▼

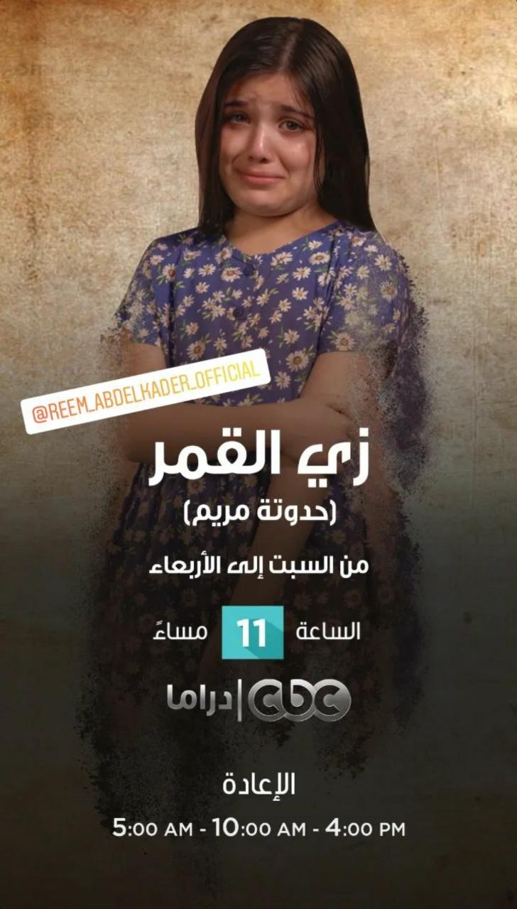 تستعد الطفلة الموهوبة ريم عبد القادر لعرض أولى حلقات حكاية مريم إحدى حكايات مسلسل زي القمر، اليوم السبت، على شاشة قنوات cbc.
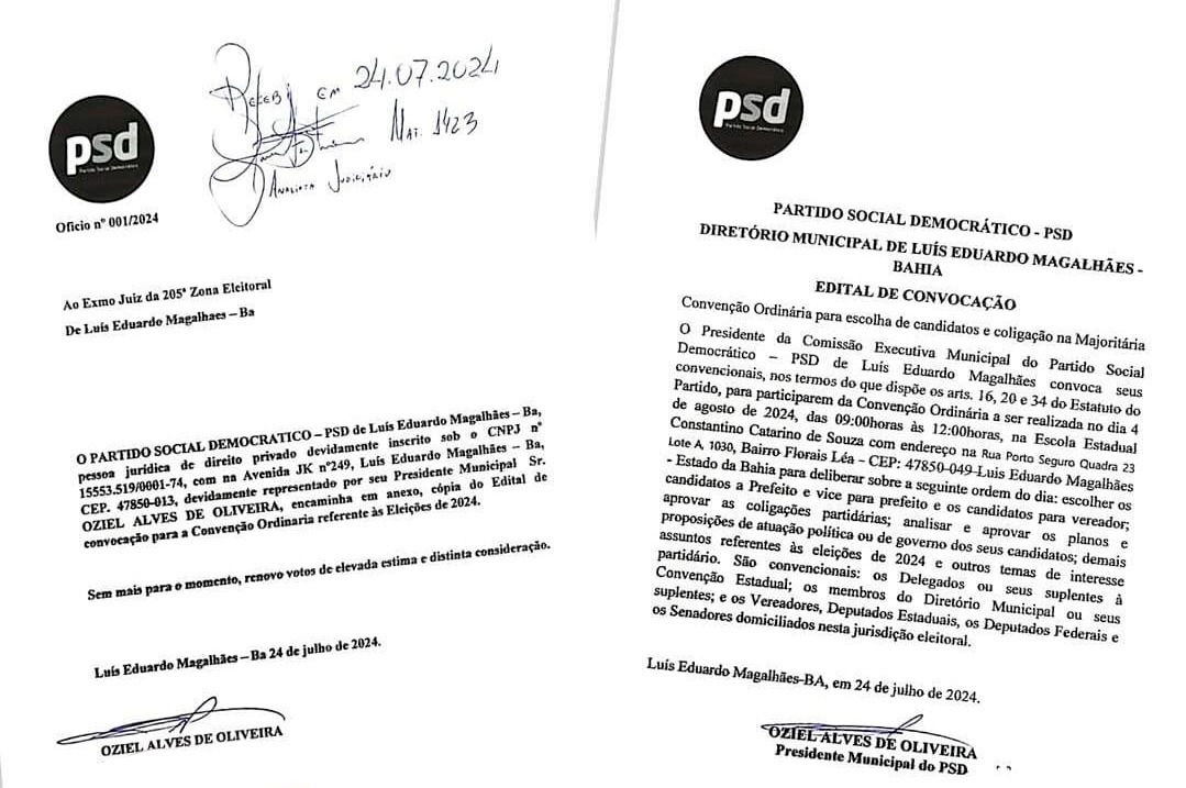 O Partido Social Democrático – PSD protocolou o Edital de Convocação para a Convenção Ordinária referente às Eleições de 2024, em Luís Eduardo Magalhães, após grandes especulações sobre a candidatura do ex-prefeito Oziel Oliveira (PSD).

▲
▼

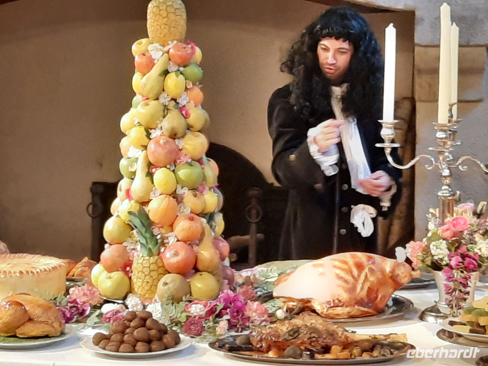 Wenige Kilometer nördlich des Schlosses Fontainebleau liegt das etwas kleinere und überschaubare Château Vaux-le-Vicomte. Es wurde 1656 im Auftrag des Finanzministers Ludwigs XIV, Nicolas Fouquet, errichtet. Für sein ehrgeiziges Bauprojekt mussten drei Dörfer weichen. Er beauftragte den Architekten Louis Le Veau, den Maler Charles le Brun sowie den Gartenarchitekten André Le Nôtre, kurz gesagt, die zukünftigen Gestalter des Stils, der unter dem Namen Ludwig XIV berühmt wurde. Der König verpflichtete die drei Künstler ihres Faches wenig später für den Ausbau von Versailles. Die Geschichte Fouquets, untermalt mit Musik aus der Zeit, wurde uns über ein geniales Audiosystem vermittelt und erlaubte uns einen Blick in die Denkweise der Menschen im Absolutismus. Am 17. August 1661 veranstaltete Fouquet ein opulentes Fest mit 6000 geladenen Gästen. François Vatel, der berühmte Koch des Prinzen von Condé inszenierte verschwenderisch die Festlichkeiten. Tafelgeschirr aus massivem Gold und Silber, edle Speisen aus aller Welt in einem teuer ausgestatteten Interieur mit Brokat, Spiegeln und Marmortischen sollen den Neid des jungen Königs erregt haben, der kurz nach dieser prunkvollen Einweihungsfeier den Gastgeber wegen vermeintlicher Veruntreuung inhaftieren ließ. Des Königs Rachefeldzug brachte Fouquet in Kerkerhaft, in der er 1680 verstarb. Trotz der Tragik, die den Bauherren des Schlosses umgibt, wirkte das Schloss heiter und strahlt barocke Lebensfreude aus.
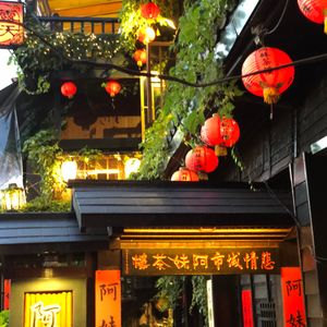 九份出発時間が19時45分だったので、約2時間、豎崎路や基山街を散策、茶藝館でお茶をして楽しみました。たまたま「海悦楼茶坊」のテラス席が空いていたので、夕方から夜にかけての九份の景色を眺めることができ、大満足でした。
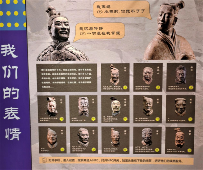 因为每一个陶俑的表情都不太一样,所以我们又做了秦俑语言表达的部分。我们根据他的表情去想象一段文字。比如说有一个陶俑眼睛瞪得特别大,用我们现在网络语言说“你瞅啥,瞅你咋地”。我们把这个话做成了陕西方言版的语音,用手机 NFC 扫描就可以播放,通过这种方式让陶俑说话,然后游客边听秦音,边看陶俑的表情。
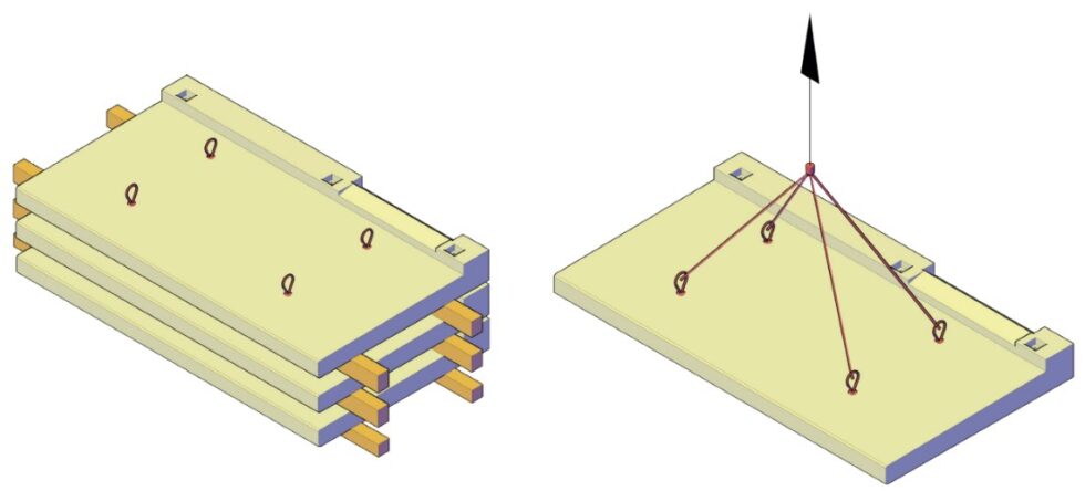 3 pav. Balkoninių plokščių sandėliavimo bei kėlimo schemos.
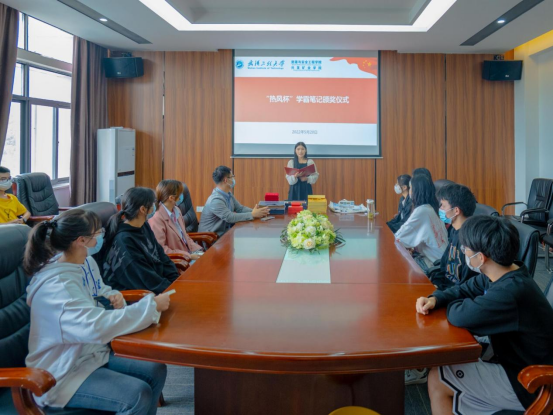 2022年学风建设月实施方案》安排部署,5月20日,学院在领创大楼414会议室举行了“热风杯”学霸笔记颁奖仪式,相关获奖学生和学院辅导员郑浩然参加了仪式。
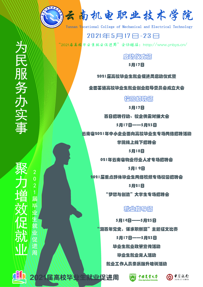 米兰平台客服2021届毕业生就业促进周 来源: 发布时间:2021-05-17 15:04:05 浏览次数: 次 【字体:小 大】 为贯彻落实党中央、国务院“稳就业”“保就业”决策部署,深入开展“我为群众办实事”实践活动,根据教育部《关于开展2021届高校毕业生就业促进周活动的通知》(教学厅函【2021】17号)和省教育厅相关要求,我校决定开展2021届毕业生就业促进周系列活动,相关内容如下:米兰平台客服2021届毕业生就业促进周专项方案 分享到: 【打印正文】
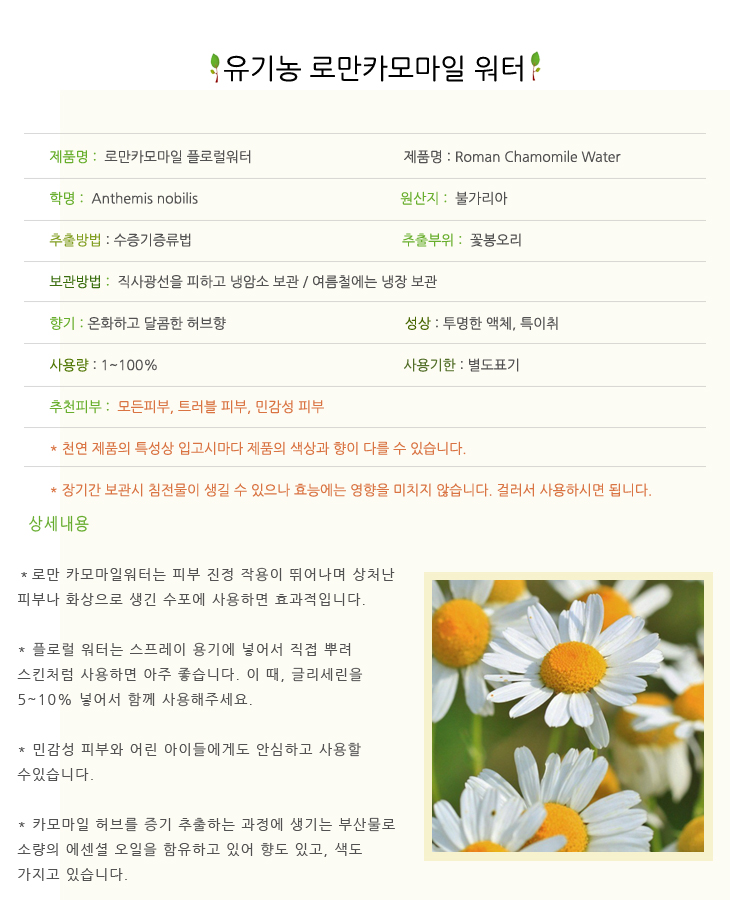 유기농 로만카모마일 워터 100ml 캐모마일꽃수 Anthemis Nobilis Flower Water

▲

• Exercise:
Extract the part of the records that opens with the line containing "تستعد الطفلة الموهوبة" and closes with the line containing "O Partido Social". Take only those lines, exactly, and no pictures.

• The completed task:
 تستعد الطفلة الموهوبة ريم عبد القادر لعرض أولى حلقات حكاية مريم إحدى حكايات مسلسل زي القمر، اليوم السبت، على شاشة قنوات cbc.
 O Partido Social Democrático – PSD protocolou o Edital de Convocação para a Convenção Ordinária referente às Eleições de 2024, em Luís Eduardo Magalhães, após grandes especulações sobre a candidatura do ex-prefeito Oziel Oliveira (PSD).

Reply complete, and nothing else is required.